The answer should be an exact repeat of the stretch of material below from the line containing "Let $\mathrm G" through the line containing "The structure of".

Data shown Start Marker

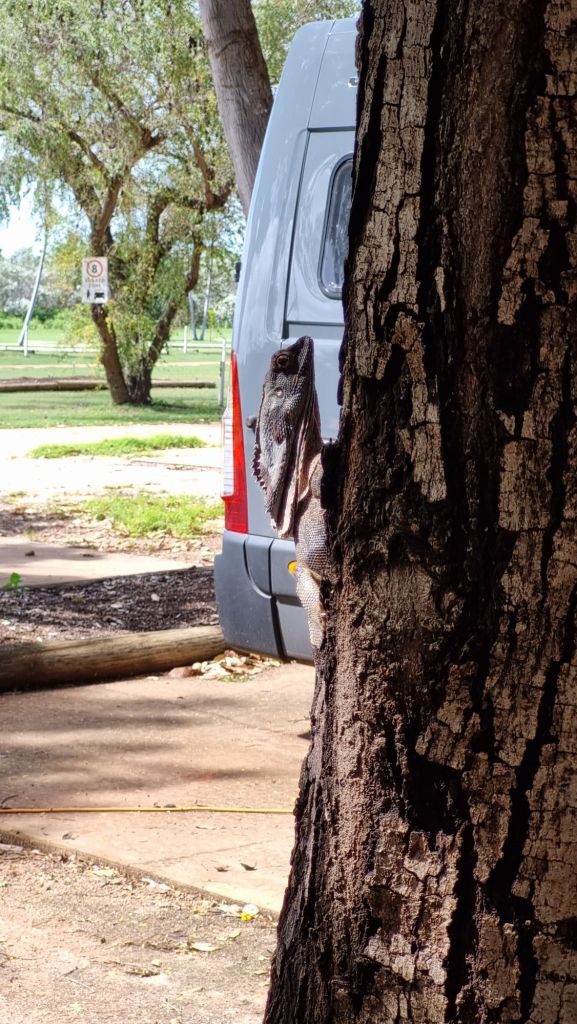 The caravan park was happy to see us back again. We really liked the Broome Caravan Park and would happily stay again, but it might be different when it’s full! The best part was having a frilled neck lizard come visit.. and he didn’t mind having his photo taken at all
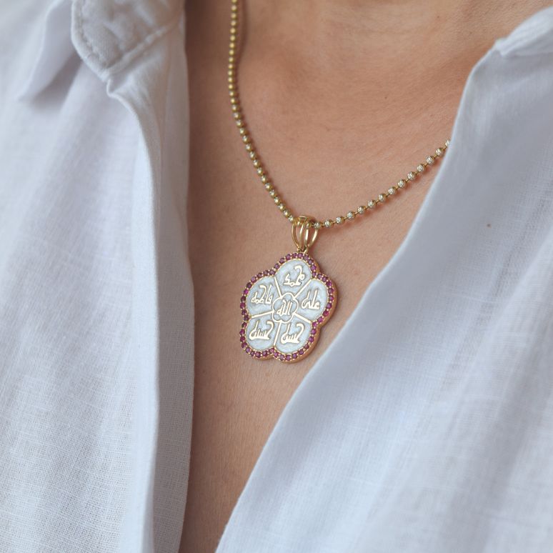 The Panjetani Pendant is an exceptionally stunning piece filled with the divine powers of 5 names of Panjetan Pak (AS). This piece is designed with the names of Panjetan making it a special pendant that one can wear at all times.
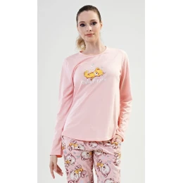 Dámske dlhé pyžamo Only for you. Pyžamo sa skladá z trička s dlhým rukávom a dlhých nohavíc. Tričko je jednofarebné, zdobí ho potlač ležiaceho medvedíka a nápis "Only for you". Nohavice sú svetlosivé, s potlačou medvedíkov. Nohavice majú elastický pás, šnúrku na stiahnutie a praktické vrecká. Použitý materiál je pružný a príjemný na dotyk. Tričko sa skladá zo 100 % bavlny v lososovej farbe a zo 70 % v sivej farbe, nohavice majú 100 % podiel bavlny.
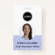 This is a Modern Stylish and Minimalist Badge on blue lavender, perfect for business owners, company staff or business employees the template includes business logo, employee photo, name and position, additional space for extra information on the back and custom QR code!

Data shown End Marker
Data shown Start Marker

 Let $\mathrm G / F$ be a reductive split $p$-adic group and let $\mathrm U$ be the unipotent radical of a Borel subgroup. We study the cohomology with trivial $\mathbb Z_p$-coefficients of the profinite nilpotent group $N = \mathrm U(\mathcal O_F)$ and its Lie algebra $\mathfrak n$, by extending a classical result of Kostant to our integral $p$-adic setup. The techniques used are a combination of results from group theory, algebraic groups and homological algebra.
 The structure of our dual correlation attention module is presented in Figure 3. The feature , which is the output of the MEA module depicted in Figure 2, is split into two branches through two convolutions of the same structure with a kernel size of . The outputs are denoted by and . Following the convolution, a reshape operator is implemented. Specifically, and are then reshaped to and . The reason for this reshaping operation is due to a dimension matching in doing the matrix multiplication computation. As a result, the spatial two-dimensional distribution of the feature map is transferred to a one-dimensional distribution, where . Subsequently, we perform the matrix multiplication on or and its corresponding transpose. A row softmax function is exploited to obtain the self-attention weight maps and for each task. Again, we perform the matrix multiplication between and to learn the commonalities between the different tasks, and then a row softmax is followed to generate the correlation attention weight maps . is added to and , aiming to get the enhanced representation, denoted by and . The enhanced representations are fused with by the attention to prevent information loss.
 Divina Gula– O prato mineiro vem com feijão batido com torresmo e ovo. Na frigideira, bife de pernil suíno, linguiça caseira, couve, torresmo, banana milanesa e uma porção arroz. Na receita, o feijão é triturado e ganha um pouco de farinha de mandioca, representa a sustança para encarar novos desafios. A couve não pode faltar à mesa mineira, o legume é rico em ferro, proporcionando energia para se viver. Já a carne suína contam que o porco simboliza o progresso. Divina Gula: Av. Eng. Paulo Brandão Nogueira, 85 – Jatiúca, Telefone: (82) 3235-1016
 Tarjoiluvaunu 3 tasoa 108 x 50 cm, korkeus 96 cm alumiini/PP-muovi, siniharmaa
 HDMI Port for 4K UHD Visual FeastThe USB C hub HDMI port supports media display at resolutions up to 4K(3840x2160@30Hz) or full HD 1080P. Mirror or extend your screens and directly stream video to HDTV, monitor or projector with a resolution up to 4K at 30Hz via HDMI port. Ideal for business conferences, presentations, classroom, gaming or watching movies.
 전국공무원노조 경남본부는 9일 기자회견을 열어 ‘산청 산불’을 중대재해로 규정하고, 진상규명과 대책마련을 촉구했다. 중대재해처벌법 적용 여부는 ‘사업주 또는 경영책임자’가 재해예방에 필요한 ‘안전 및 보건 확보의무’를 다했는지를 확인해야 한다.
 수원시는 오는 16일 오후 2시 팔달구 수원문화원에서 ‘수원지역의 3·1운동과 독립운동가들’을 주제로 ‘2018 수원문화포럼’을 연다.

Data shown End Marker
Data shown Start Marker

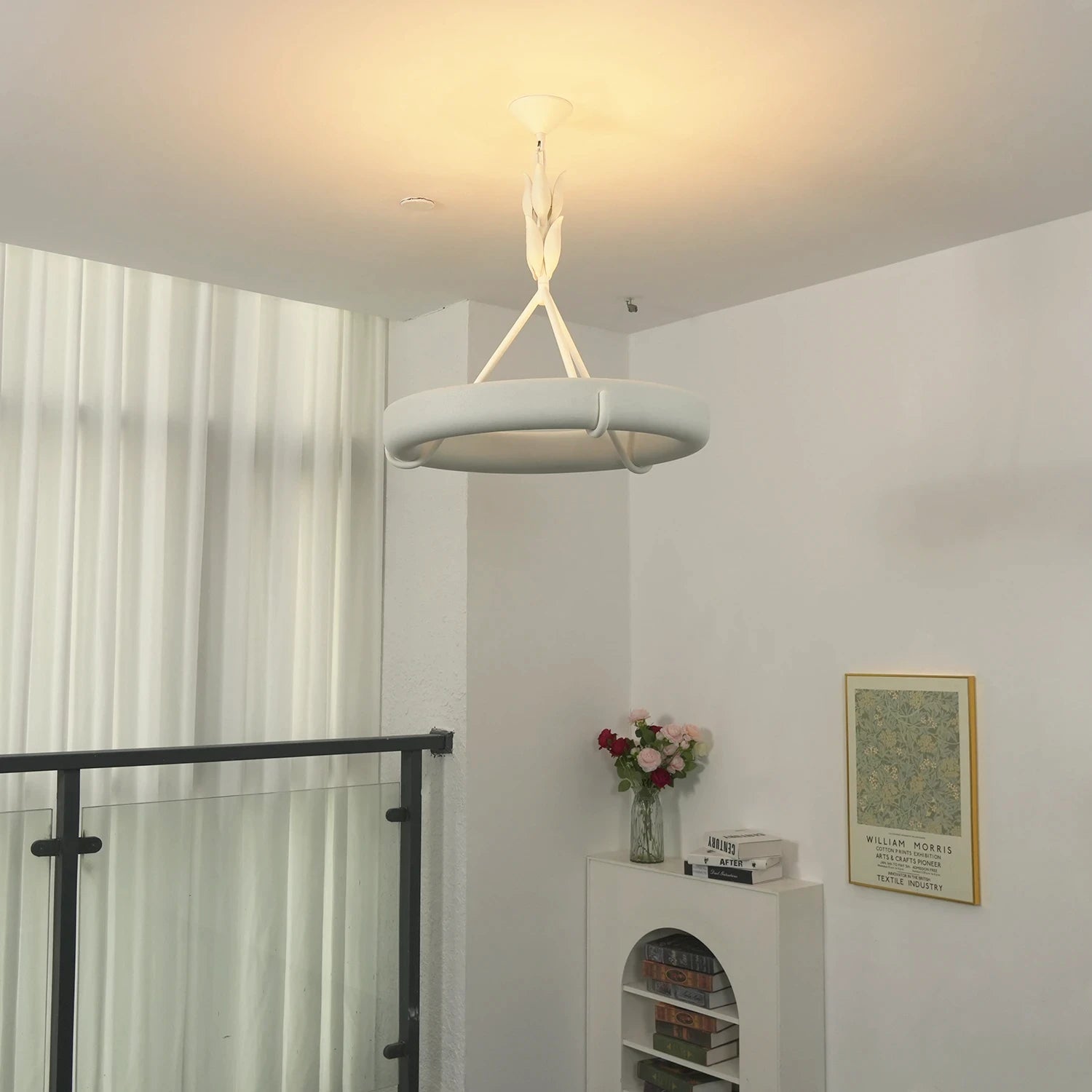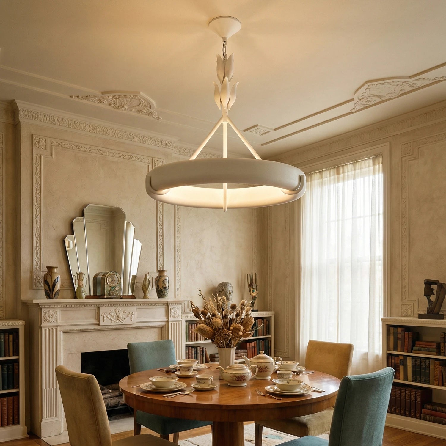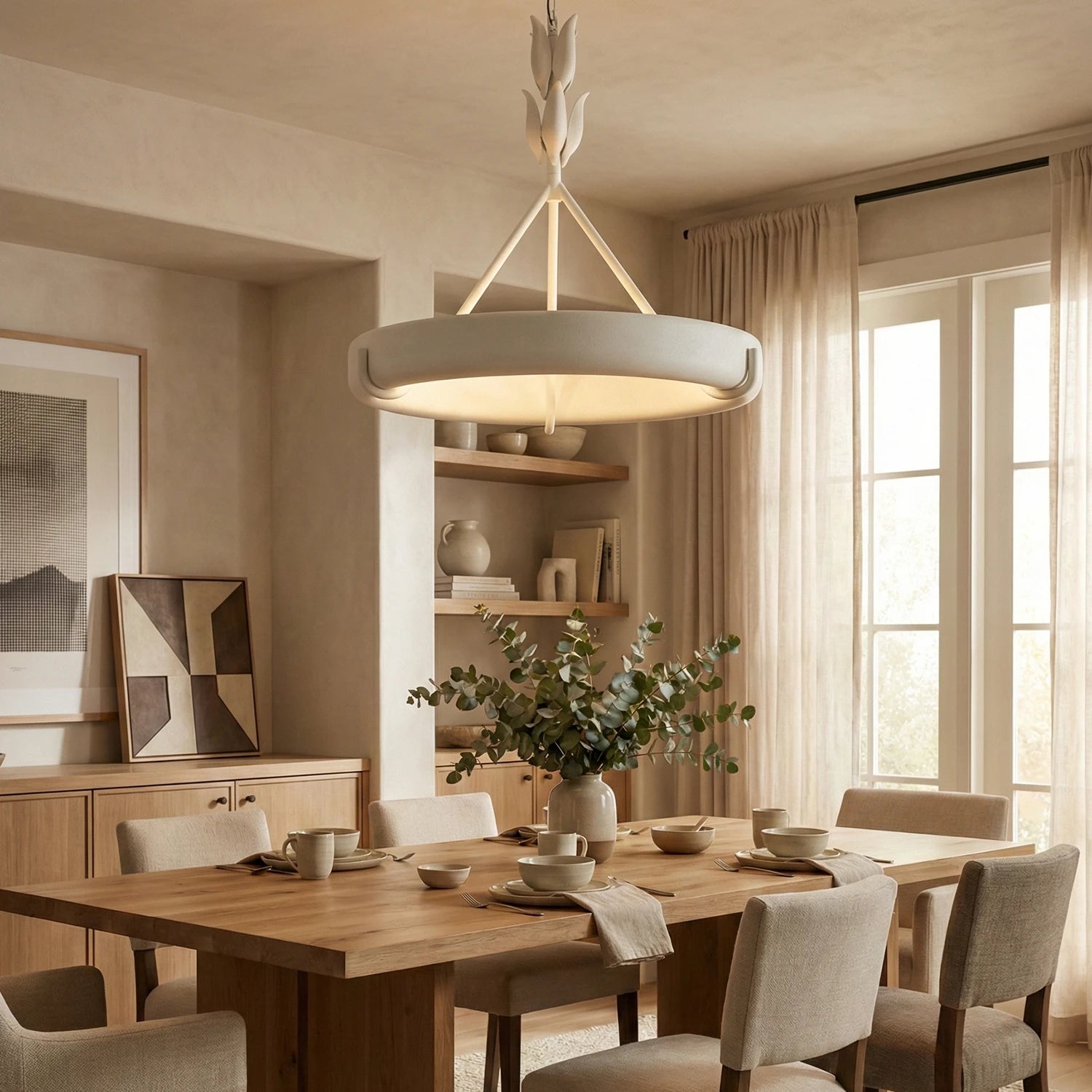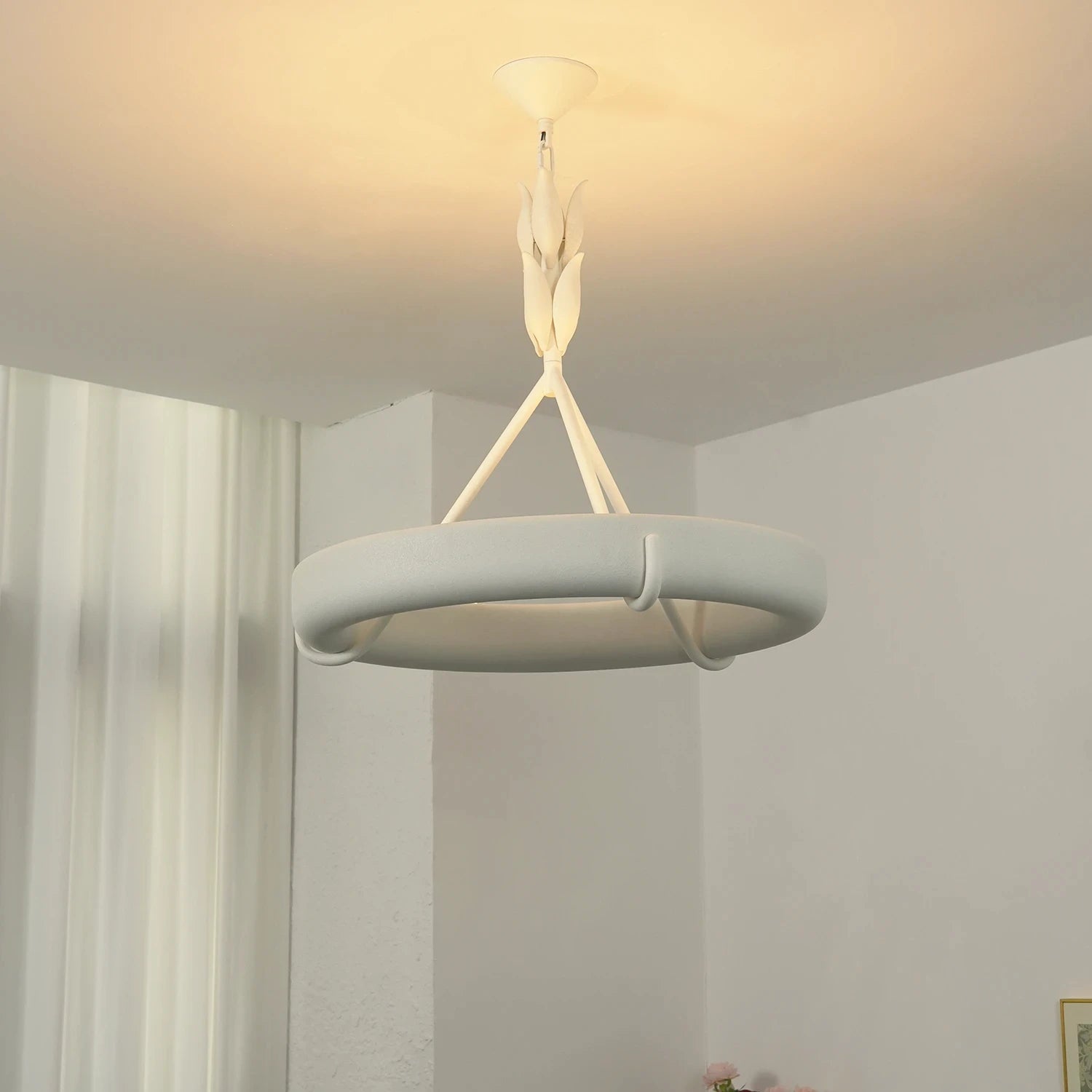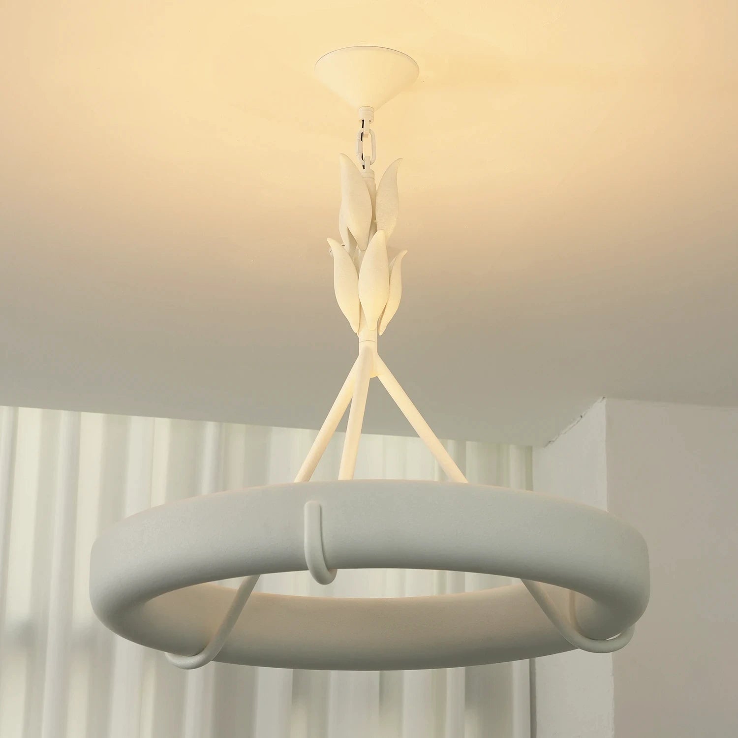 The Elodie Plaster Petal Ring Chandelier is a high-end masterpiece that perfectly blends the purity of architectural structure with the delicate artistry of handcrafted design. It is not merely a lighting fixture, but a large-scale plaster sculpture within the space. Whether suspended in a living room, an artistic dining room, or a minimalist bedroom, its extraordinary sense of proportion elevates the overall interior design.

Data shown End Marker

Answer:
 Let $\mathrm G / F$ be a reductive split $p$-adic group and let $\mathrm U$ be the unipotent radical of a Borel subgroup. We study the cohomology with trivial $\mathbb Z_p$-coefficients of the profinite nilpotent group $N = \mathrm U(\mathcal O_F)$ and its Lie algebra $\mathfrak n$, by extending a classical result of Kostant to our integral $p$-adic setup. The techniques used are a combination of results from group theory, algebraic groups and homological algebra.
 The structure of our dual correlation attention module is presented in Figure 3. The feature , which is the output of the MEA module depicted in Figure 2, is split into two branches through two convolutions of the same structure with a kernel size of . The outputs are denoted by and . Following the convolution, a reshape operator is implemented. Specifically, and are then reshaped to and . The reason for this reshaping operation is due to a dimension matching in doing the matrix multiplication computation. As a result, the spatial two-dimensional distribution of the feature map is transferred to a one-dimensional distribution, where . Subsequently, we perform the matrix multiplication on or and its corresponding transpose. A row softmax function is exploited to obtain the self-attention weight maps and for each task. Again, we perform the matrix multiplication between and to learn the commonalities between the different tasks, and then a row softmax is followed to generate the correlation attention weight maps . is added to and , aiming to get the enhanced representation, denoted by and . The enhanced representations are fused with by the attention to prevent information loss.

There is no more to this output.